PSUs Gigantic Fraud

Sitaram Yechury

The process of disinvestment of the public sector is the gigantic fraud committed on the Indian people. Together with the loss suffered due to the bank scam, this amount of money would have ensured that our country need not have gone to the IMF or to any external creditor to take care of our economic problems. The new economic dispensation ushered in by the Rao government has as repeatedly shown in these columns seriously jeopardized economic sovereignty of our country. But importantly it has also meant a unscrupulous and unquestioned loot of public resources by the ruling class.

The public sector had been central to the vision of a self-reliant Indian economy.Its dismantling today, though coming in the guise of offsetting loss, is actually an attempt by the ruling classes to create more investment space domestically and to employ the vast assets that the monopoly houses have accumulated through systematic exploitation of the Indian people since independence. In that sense this process does not signify, again as argued earlier a change in the character of the ruling classes. The same ruling classes who had one time required the public sector to build it the infrastructure neces¬sary for capitalist development are today claiming privatisation as the means to employ the capital at their command.

The country has been fed over the years by the rhetoric that the public sector is a colossal white elephant draining scarce resources. Hence the slogan of privatisation was offered as a method to reje¬nuvate the economy. Of course under the pretense of public welfare.

The process of privatisation or disinvestment of the public sector as advanced by the government was necessary to raise inflation free resources in government activity as well as to regenerate public sector enterprises and their technological upliftment.

The report of the Comptroller and Auditor General of India (No. 14, 1993) placed before the Parliament has systematically exposed the manner in which the Government has virtually sold out 30 public sector enterprises and offered crores of rupees to the private sector. This coupled with the continuous reduction in the corporate tax rates reveals the true class nature of the government’s policies.

Nailing down the lie that the public sector were loss making institutions, the CAG report shows that as of 31 March, 1991 there were 246 PSE’s whose total investment amounted to Rs. 113233.68 crore.

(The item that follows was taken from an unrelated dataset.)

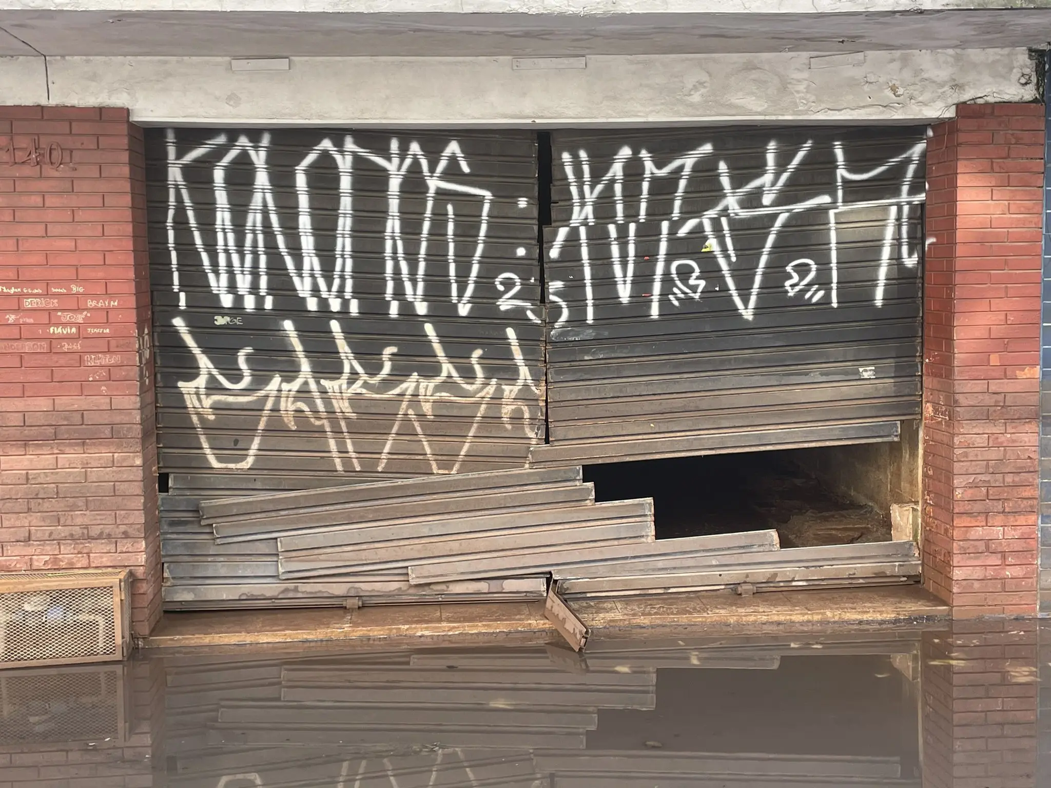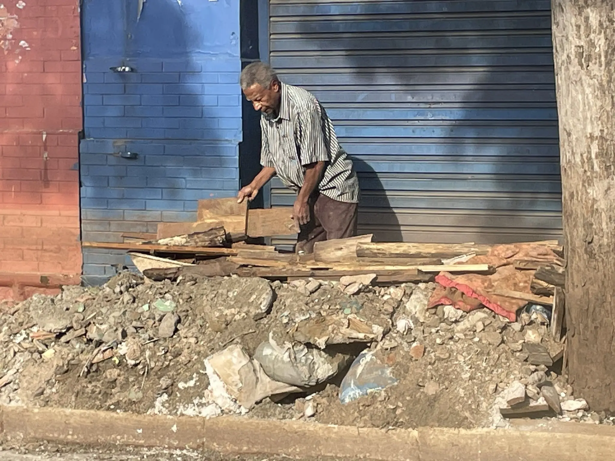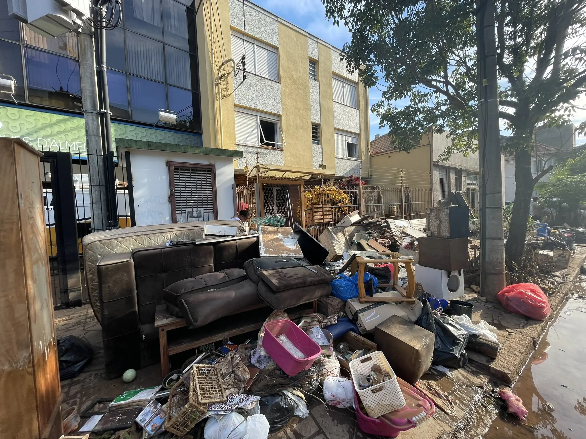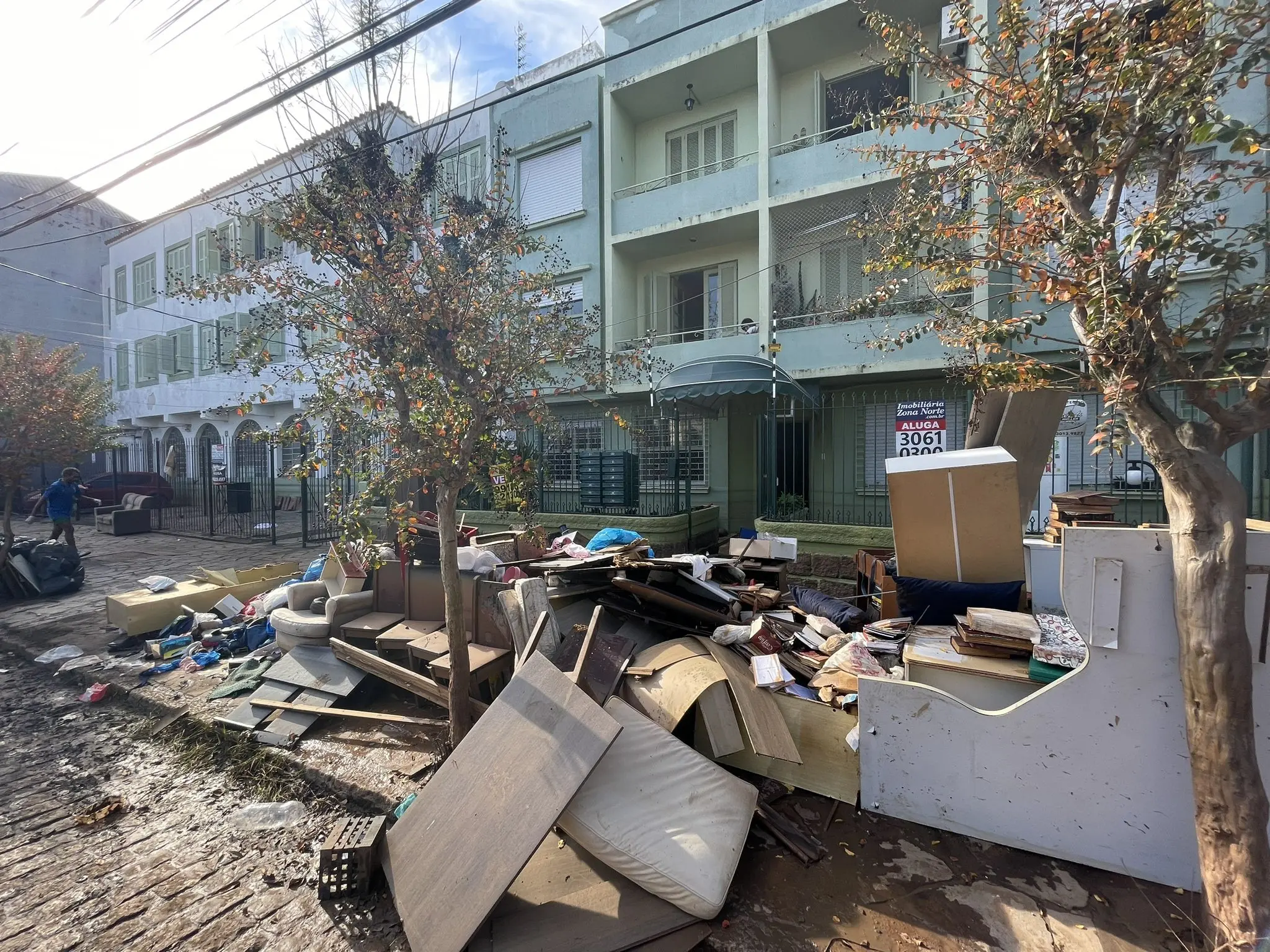 Na rua, em frente a prédios vizinhos da escola, grande quantidade de destroços podia ser vista. Eram móveis, colchões e utensílios domésticos perdidos na inundação de casas e apartamentos de andares térreos de edifícios.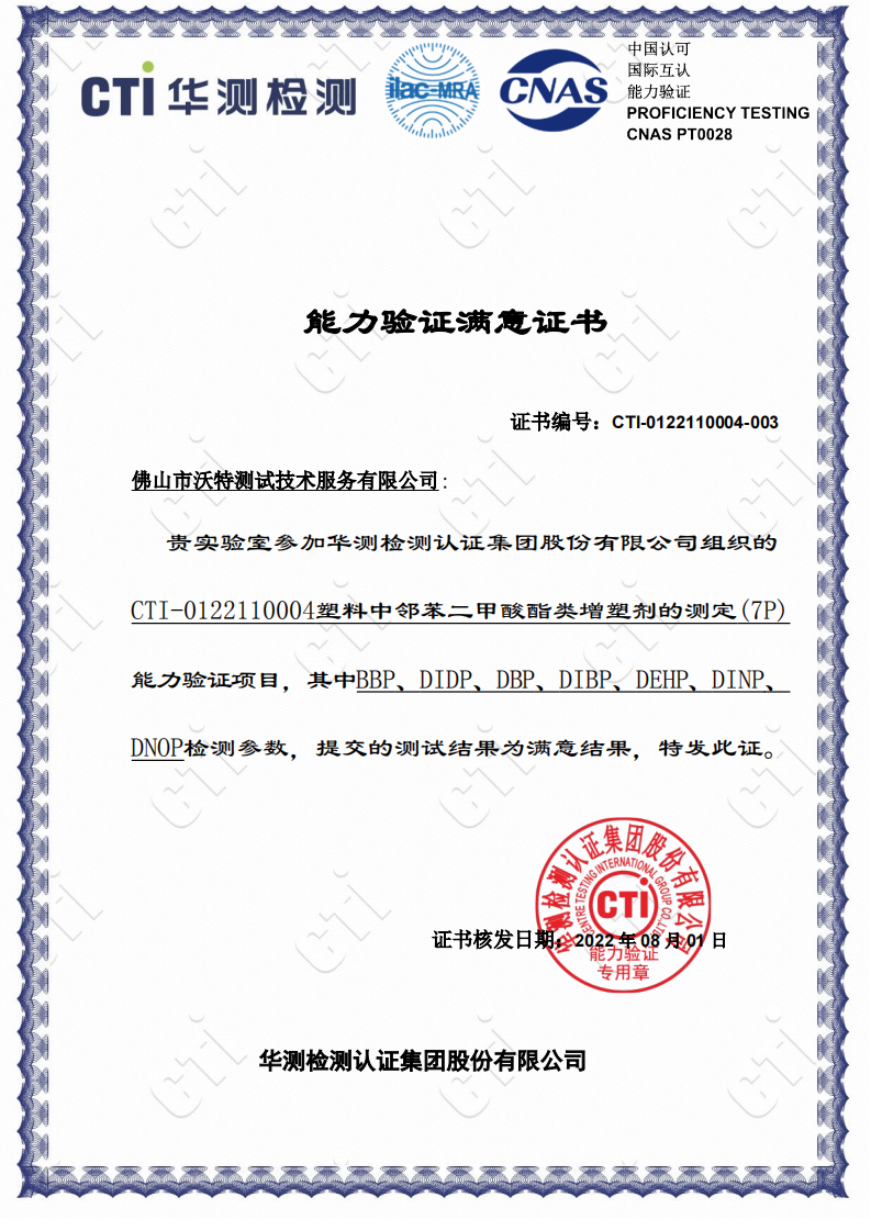 佛山沃特參加CTI-0122110004塑料中鄰苯二甲酸酯類增塑劑的測定 (7P) 獲“滿意”結(jié)果

And all of them together in 1990-91 earned a profit of Rs. 2367.74 crore. This bares credibly that the fact oft concealed of over 2 lakh private sector enterprises which have been closed down or “declared sick”. Nevertheless in an urge to raise resources to reduce the fiscal deficit as demanded by the IMF the government decided in the Union Budget for 1991-92 to disinvest certain public sector undertakings and raise resources.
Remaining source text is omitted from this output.